Melissa was nine, Marcia seven. The move to the hinterlands would be disruptive for them, maybe traumatic — Bayard didn’t deny it — but then, so would nuclear holocaust. “Ballet lessons?” he echoed. “What good do you think ballet lessons are going to be when maniacs are breaking down the door?” And then, more gently: “Look, Fran, it’s going to be hard for all of us, but I just don’t see how we can stay here now that our eyes have been opened — it’s like sitting on the edge of a volcano or something.”

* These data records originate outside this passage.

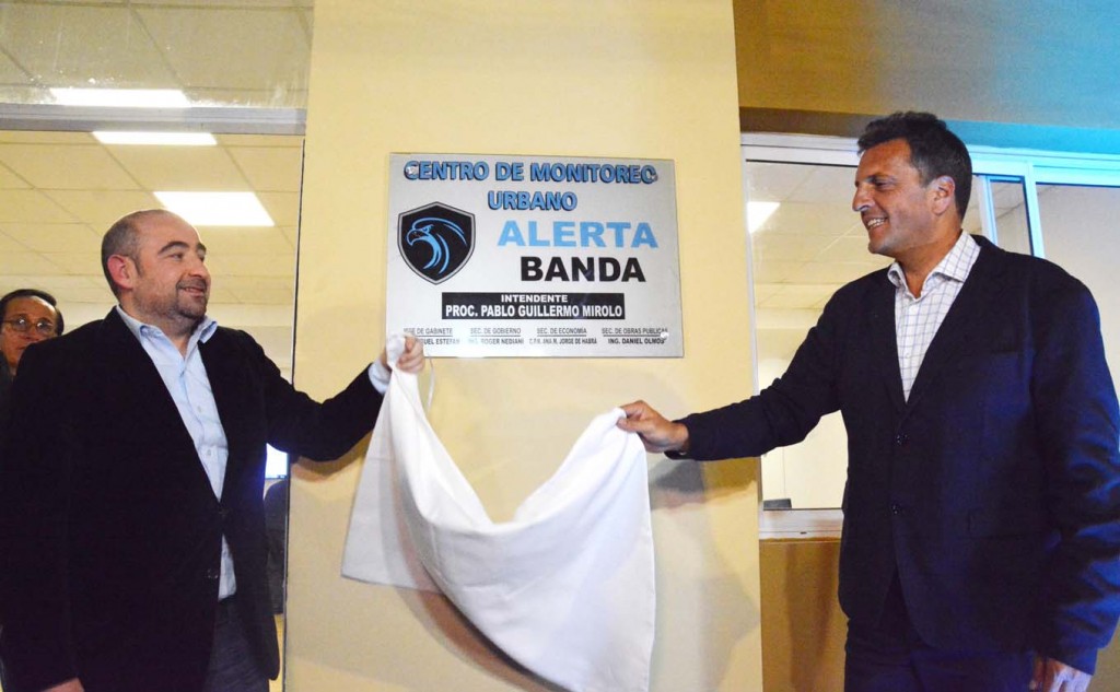 Una verdadera multitud acompañó al intendente Pablo Mirolo y al máximo referente del Frente Renovador, Sergio Massa, en el acto de lanzamiento oficial del programa Alerta Banda, con la inauguración del edificio del Centro de Monitoreo y la puesta en funcionamiento del botón antipánico como herramienta tecnológica que contribuirá en la lucha contra la delincuencia en la ciudad.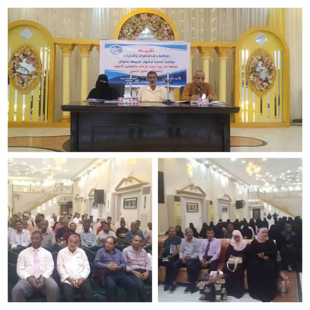 عقدت منظمة حق للحقوق والحريات صباح اليوم السبت 2 يوليو 2022 مؤتمرا صحفيا لإشهار تقريرها بعنوان : " محافظة تعز بين أنياب الإرهاب والفوضى الأمنية وانتهاكات حقوق الإنسان " في قاعة قصر مرسيليا بخورمكسر - عدن بحضور عدد من الصحفيين والإعلاميين ومنظمات مجتمع مدني والباحثين والأكاديميين والنشطاء في مجال حقوق الإنسان والتواصل الاجتماعي وممثلين عن وسائل إعلامية وممثلات لرائدات مجتمعيات وجمع من القيادات والمهتمين بقضايا الشأن العام .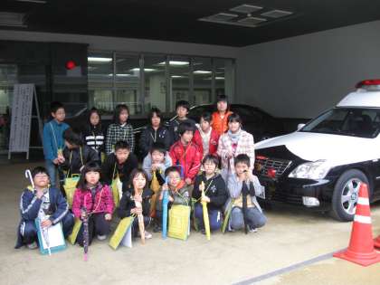 22日月曜日,社会科の学習「けいさつしょの仕事」で,東山警察署の見学に行ってきました。1人欠席があったのは残念でしたが,担当の方から警察署のお仕事についてのお話を聞いたり,署内を案内していただいたりして,とてもよい学習ができました。 はじめは少し緊張気味だった子どもたちでしたが,パトカーに乗せてもらったり自転車シミュレーションを体験させていただいたりしているうちに,表情もいきいきとしてきました。

She was weakening, he could feel it. When he got home from the office she was sunk into the sofa, her eyes darting across the page before her like frightened animals. Arkson had called. Four times. “Mrs. Wemp, Fran,” he’d shouted over the wire as if the barbarians were at the gate, “you’ve got to listen to me. I have a place for you. Nobody’ll find you. You’ll live forever. Sell that deathtrap and get out now before it’s too late!” Toward the end of the week she went through an entire day without changing out of her nightgown. Bayard pressed his advantage. He sent the girls to the babysitter and took the day off from work to ply her with pamphlets, rhetoric and incontrovertible truths, and statistics on everything from the rising crime rate to nuclear kill ratios. As dusk fell that evening, the last choked rays of sunlight irradiating the smog till it looked like mustard gas coming in over the trenches, she capitulated. In a voice weak with terror and exhaustion, she called him into the bedroom, where she lay still as a corpse. “All right,” she croaked. “Let’s get out.”
After Fran, the surgeon was easy. For fifteen minutes Bayard had quietly persisted while the doctor demurred. Finally, throwing his trump card, the surgeon leaned forward and said: “You’re aware your insurance won’t cover this, Mr. Wemp?”